Wizard Student Loans is an experimental GM-facing ruleset.


Everyone is a wizard.

Work with each player to develop a few key details about their PC. Ask...

  1. What are X spells you learned in Wizard College? How do they work?
  2. What are X weird little items you keep in your bottomless bag of holding?

Replace X with whatever number you think is appropriate. A solo PC might start with 3 spells and 3 items; a group of four PCs might start with 1 spell and 1 item each.


The game is a conversation.

  1. Describe the situation.
  2. Ask, “What do you do?”
  3. Describe what happens.
  4. Repeat.


Only the GM rolls dice.

Whenever you are uncertain about what happens, roll a d6; the higher the result, the better the outcome for the PCs.

If the result seems unlikely, roll again and take the new result if it seems more likely.
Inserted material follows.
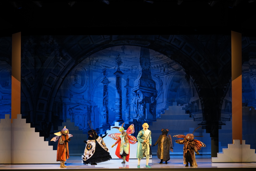 舞台上,蓝白色为主基调,星盘、圆月、古典开辟纹样充满童话感。帕帕盖诺出场时,明快的暖光切换,蓝金相间的支撑戏服与灵动的排笛相映,贩子烟火气扑面而来。夜后则着银白色蓬蓬征服裙登场,与圆蟾光门、星图穹顶相互照映,如蟾光流泻,尽显变装的广大与威严。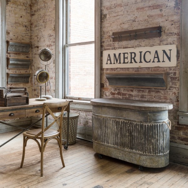 Rustic farmhouse, loft and industrial styles blended with curated antique linens and vintage glasswares create a harmonious home reflecting your individual style. General store kitchen storage and organization, farmhouse style mug racks, lighting, metal signs and home decor.

You may not roll a third time.

Typically, all you need to know is that a 1-3 is bad and a 4-6 is good, but you might break it down further:

  1. Very bad
  2. Bad
  3. Mostly bad
  4. Mostly good
  5. Good
  6. Very good


There is no combat system.

In most dungeon games, players have roughly four means of dealing with enemies:

  1. Violence (Physical Force)
  2. Trickery (Physical Craft)
  3. Persuasion (Rhetorical Force)
  4. Deception (Rhetorical Craft)

But in this game, PCs are squishy wizards. Tell the players: “In a head-on fight, you are certain to lose.” Players must instead rely on trickery, persuasion, and deception.

Hopefully this should feel fairly intuitive to players and no one will miss the wargamey, mathematical combat of other games.